*** Supplied entries ***

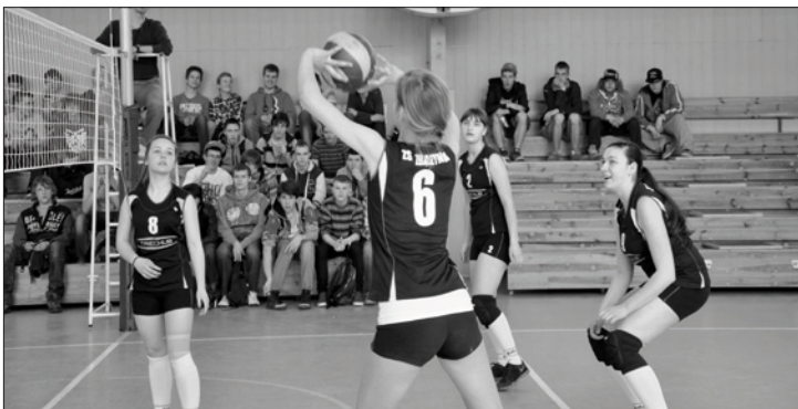
Turniej Siatkówki Kobiet o Puchar TV Sport Info
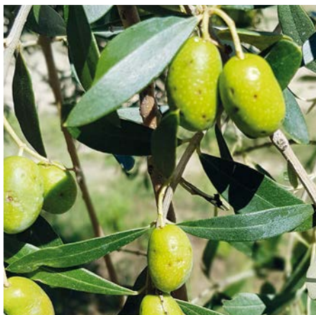
Olive con ferite da ovideposizione causate da femmina di B. oleae

Bactrocera oleae (Diptera Tephritidae), ben nota nel secolo scorso con il nome scientifico di Dacus oleae (Gmelin) e quello comune di daco (da cui infestazione dacica), è da sempre in tutto il bacino del Mediterraneo l'avversità più temuta della produzione olivicola. Polivoltina con un numero di generazioni variabile in funzione delle condizioni climatiche e della disponibilità di drupe, presenta, nelle aree favorevoli al proprio sviluppo, una dannosità
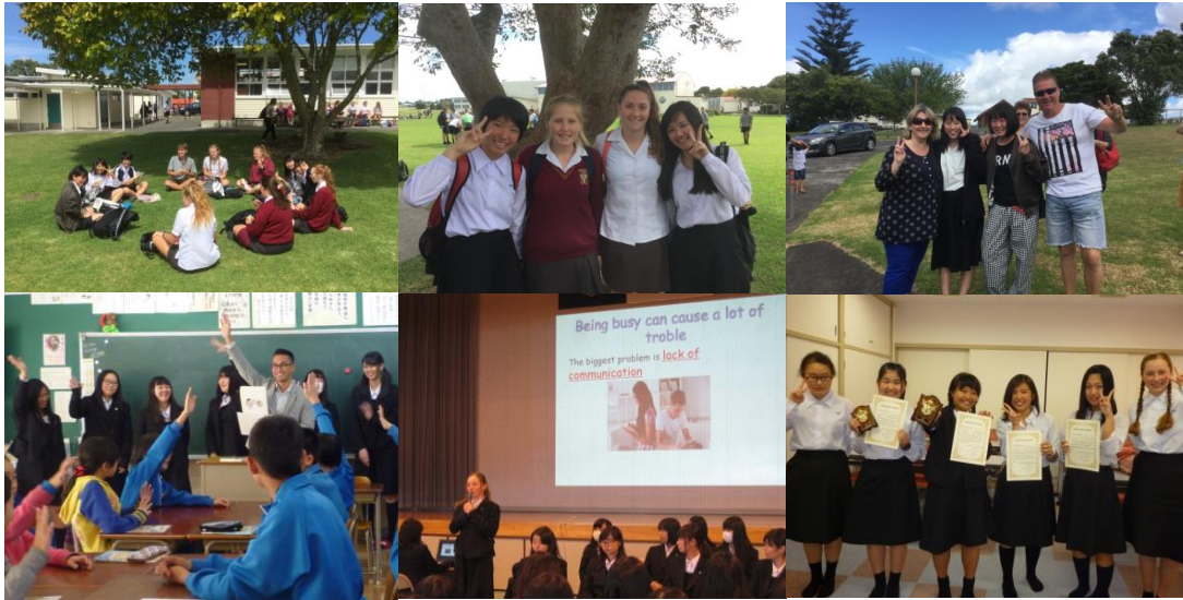
英語スピーチ発表会 海外語学研修（ニュージーランド）小学校訪問 英語弁論大会 等
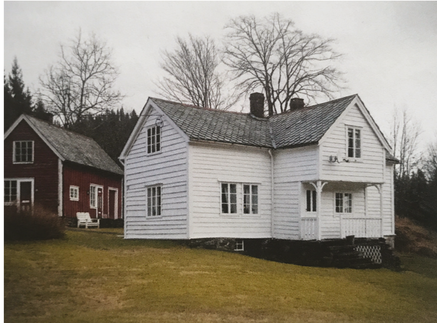
HAUGE - FJALER En tverrgående takark over en smalere utbygging
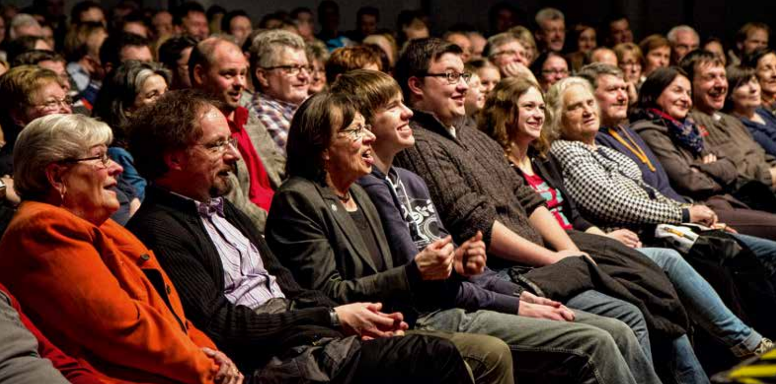
Gesichter, die unterschiedlichste Emotionen spiegeln. Kultur bewegt. Das zu vermitteln ist Ziel der Macher von Kultur pur in Bestwig.

*** End of Supplied entries ***

# Exercise goal
Give back exactly the lines from the one containing "Bactrocera oleae (Diptera" through the last line above, both included, and none of the pictures.

# Task solution
Bactrocera oleae (Diptera Tephritidae), ben nota nel secolo scorso con il nome scientifico di Dacus oleae (Gmelin) e quello comune di daco (da cui infestazione dacica), è da sempre in tutto il bacino del Mediterraneo l'avversità più temuta della produzione olivicola. Polivoltina con un numero di generazioni variabile in funzione delle condizioni climatiche e della disponibilità di drupe, presenta, nelle aree favorevoli al proprio sviluppo, una dannosità
英語スピーチ発表会 海外語学研修（ニュージーランド）小学校訪問 英語弁論大会 等
HAUGE - FJALER En tverrgående takark over en smalere utbygging
Gesichter, die unterschiedlichste Emotionen spiegeln. Kultur bewegt. Das zu vermitteln ist Ziel der Macher von Kultur pur in Bestwig.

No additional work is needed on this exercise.